Given a list of airline tickets represented by pairs of departure and arrival airports [from, to], reconstruct the itinerary in order. All of the tickets belong to a man who departs from JFK. Thus, the itinerary must begin with JFK.
Note:
- If there are multiple valid itineraries, you should return the itinerary that has the smallest lexical order when read as a single string. For example, the itinerary [“JFK”, “LGA”] has a smaller lexical order than [“JFK”, “LGB”].
- All airports are represented by three capital letters (IATA code).
- You may assume all tickets form at least one valid itinerary.
Example 1:
tickets = [["MUC", "LHR"], ["JFK", "MUC"], ["SFO", "SJC"], ["LHR", "SFO"]]

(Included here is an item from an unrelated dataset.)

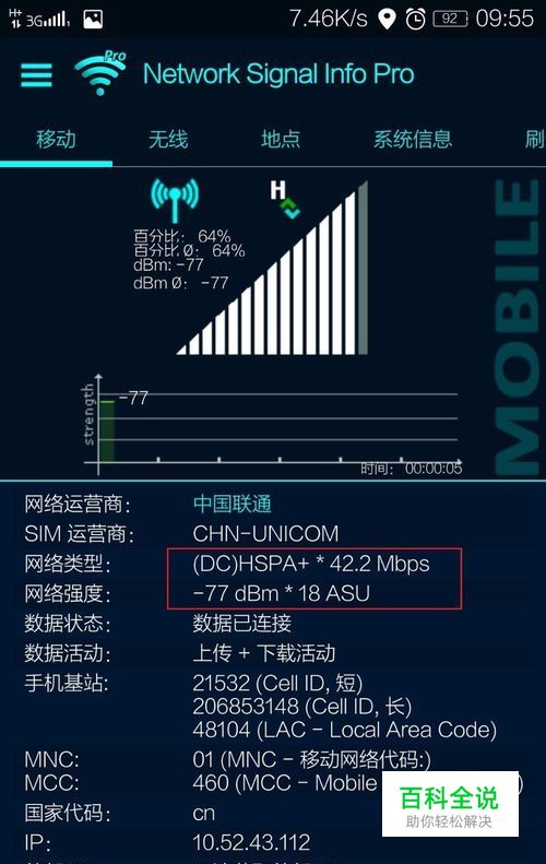 在确定好着这两条数据以后,查看下面的手机基站那一选项。如下图所示: 21532(cell id短) 这个是基站的十进制小区码 48104(lac-local area code)这个是基站的十进制基站码 用笔记下这两个数据,后面会用到这两个数据。

Return ["JFK", "MUC", "LHR", "SFO", "SJC"].
Example 2:
tickets = [["JFK","SFO"],["JFK","ATL"],["SFO","ATL"],["ATL","JFK"],["ATL","SFO"]]
Return ["JFK","ATL","JFK","SFO","ATL","SFO"].
Another possible reconstruction is [“JFK”,“SFO”,“ATL”,“JFK”,“ATL”,“SFO”]. But it is larger in lexical order.
Solution:
public class Solution {
public List<String> findItinerary(String[][] tickets) {
Map<String,PriorityQueue<String>> map = new HashMap<>();
for(String[] ti : tickets){
if(!map.containsKey(ti[0])) map.put(ti[0], new PriorityQueue<>());
map.get(ti[0]).offer(ti[1]);
}
Stack<String> stack = new Stack<>();
List<String> ans = new ArrayList<>();
stack.push("JFK");
while(!stack.isEmpty()){
String cur = stack.peek();
if(map.containsKey(cur) && !map.get(cur).isEmpty()){
stack.push(map.get(cur).poll());
} else {
stack.pop();
ans.add(0, cur);
}
}
return ans;
}
}